> Task item:
Of the lines listed below, return exactly those that run from the line containing "Maserati itu memandu" through the line containing "犬用水飲み器 大容量3L こぼれ防止", both included.

> Data records:

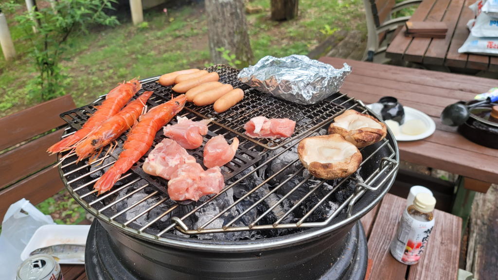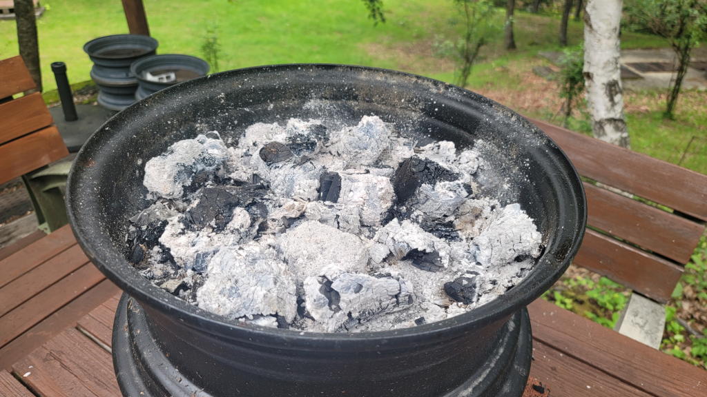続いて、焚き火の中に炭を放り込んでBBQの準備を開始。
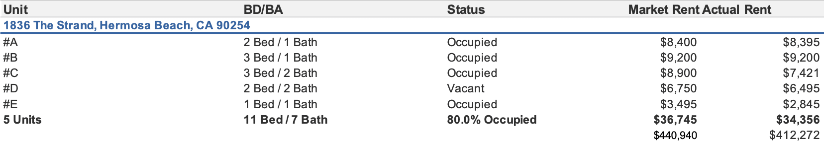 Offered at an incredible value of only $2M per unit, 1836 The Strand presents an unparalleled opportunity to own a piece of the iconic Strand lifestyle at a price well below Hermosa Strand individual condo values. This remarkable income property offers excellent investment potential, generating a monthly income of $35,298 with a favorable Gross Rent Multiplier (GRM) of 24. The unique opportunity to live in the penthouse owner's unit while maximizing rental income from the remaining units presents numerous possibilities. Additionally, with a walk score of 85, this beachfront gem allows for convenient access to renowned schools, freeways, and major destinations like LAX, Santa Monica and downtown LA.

* * *

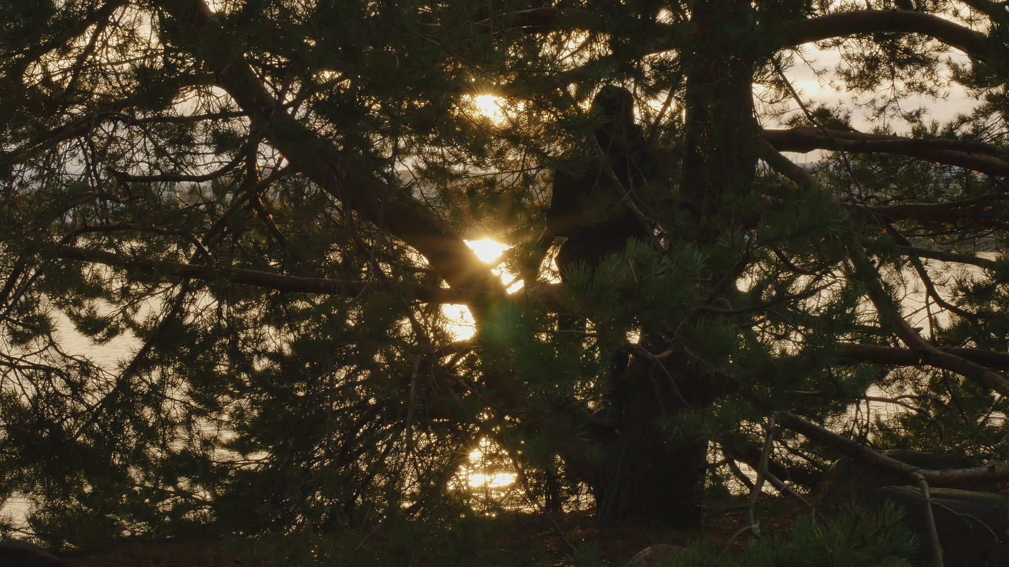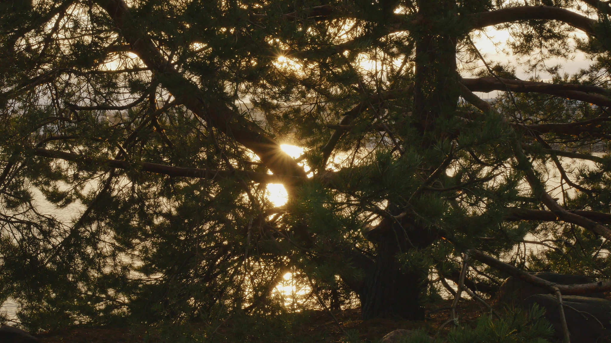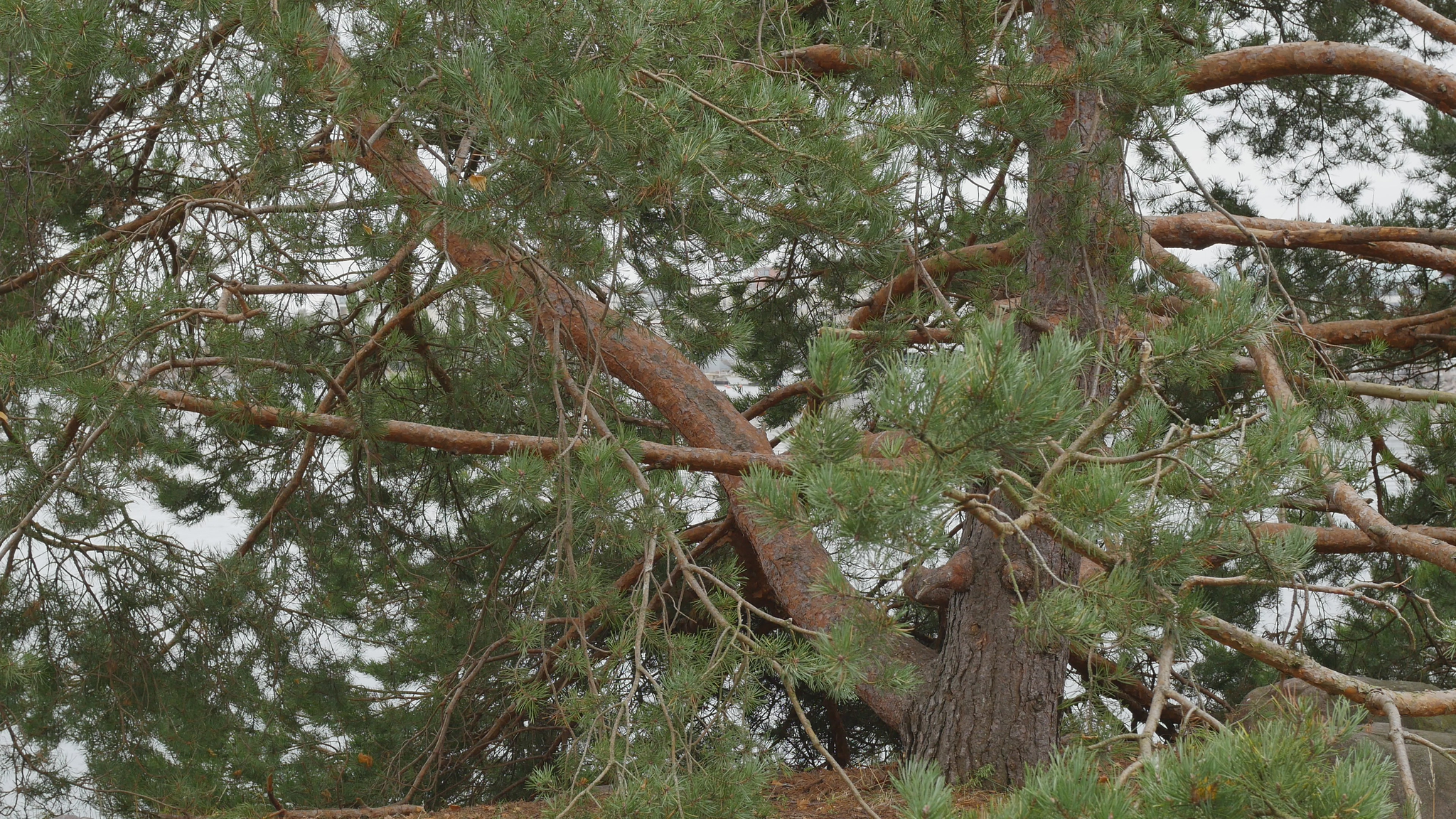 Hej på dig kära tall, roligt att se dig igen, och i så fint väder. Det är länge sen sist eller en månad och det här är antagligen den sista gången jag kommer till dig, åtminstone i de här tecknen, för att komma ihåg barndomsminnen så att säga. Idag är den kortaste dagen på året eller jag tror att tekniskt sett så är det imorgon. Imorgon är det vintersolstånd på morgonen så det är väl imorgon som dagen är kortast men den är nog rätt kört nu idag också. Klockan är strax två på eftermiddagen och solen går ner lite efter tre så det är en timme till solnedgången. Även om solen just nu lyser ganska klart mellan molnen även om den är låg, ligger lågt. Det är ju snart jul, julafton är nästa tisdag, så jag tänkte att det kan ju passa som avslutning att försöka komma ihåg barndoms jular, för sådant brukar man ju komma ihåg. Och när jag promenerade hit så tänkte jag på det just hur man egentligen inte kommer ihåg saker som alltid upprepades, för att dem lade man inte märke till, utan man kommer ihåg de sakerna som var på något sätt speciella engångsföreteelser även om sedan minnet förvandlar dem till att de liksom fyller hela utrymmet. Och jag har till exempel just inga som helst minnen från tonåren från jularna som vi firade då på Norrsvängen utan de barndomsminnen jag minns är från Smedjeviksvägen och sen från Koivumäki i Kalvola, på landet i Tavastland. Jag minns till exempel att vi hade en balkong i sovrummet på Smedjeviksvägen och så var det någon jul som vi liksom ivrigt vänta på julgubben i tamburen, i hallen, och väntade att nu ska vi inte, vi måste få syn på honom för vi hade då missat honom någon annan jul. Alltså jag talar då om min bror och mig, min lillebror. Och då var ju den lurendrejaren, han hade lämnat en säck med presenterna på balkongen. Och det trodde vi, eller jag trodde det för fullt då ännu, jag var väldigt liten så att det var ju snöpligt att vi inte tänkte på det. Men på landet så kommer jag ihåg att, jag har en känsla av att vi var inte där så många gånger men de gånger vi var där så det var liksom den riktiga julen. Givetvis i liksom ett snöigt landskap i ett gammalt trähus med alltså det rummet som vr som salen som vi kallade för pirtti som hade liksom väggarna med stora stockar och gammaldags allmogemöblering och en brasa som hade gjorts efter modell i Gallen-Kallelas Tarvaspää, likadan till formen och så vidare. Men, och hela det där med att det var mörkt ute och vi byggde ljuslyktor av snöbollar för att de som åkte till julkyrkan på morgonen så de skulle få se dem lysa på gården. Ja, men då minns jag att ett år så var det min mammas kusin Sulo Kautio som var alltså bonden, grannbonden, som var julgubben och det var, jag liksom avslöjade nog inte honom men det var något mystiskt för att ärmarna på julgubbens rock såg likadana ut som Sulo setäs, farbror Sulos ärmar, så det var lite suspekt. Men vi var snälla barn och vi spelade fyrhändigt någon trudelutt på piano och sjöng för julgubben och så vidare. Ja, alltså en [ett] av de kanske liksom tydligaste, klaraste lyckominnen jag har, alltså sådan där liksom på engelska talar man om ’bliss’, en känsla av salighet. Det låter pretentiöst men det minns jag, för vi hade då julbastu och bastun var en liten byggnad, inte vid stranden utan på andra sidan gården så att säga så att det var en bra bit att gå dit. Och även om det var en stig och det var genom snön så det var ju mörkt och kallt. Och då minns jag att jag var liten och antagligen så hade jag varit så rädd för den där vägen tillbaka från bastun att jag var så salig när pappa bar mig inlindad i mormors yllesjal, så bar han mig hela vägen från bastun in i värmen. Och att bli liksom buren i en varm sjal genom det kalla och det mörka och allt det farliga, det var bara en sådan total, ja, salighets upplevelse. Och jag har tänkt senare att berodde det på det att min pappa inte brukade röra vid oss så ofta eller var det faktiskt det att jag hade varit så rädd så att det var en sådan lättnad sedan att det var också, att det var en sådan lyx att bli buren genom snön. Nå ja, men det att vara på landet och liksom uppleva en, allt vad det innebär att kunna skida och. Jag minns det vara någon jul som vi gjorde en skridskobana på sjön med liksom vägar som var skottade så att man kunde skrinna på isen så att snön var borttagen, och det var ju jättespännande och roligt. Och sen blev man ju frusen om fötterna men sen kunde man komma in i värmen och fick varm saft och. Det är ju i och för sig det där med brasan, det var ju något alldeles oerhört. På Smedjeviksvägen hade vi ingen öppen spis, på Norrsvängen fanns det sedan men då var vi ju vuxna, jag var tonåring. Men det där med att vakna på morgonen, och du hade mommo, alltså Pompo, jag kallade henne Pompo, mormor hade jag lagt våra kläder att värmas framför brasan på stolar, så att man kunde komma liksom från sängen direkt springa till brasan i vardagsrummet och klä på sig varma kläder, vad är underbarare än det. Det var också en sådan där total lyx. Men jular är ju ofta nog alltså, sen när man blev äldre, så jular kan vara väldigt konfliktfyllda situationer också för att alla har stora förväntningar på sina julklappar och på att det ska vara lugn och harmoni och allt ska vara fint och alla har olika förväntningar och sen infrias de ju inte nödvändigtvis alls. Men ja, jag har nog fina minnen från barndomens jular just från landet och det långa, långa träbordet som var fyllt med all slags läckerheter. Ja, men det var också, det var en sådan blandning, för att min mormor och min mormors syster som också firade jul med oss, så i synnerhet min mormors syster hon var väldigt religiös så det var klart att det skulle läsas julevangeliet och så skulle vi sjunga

==

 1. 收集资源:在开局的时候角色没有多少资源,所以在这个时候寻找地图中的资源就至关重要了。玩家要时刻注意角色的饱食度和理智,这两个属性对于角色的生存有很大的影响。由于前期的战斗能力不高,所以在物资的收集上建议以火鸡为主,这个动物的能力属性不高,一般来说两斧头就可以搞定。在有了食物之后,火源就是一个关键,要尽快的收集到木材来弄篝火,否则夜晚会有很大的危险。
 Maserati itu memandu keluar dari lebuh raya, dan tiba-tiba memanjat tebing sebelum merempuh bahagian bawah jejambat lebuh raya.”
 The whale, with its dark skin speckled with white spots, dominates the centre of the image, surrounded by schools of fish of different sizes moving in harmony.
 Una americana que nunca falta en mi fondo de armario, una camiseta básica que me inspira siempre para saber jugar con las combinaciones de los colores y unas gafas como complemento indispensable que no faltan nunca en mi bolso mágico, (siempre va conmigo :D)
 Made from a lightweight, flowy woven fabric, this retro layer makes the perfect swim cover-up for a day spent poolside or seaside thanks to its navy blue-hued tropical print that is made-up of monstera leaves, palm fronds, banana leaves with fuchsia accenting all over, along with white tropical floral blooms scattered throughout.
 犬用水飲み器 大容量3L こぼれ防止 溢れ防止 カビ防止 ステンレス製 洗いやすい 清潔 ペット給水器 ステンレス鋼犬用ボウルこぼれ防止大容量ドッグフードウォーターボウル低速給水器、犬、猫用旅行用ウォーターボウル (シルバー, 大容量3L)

> Output for this task:
 Maserati itu memandu keluar dari lebuh raya, dan tiba-tiba memanjat tebing sebelum merempuh bahagian bawah jejambat lebuh raya.”
 The whale, with its dark skin speckled with white spots, dominates the centre of the image, surrounded by schools of fish of different sizes moving in harmony.
 Una americana que nunca falta en mi fondo de armario, una camiseta básica que me inspira siempre para saber jugar con las combinaciones de los colores y unas gafas como complemento indispensable que no faltan nunca en mi bolso mágico, (siempre va conmigo :D)
 Made from a lightweight, flowy woven fabric, this retro layer makes the perfect swim cover-up for a day spent poolside or seaside thanks to its navy blue-hued tropical print that is made-up of monstera leaves, palm fronds, banana leaves with fuchsia accenting all over, along with white tropical floral blooms scattered throughout.
 犬用水飲み器 大容量3L こぼれ防止 溢れ防止 カビ防止 ステンレス製 洗いやすい 清潔 ペット給水器 ステンレス鋼犬用ボウルこぼれ防止大容量ドッグフードウォーターボウル低速給水器、犬、猫用旅行用ウォーターボウル (シルバー, 大容量3L)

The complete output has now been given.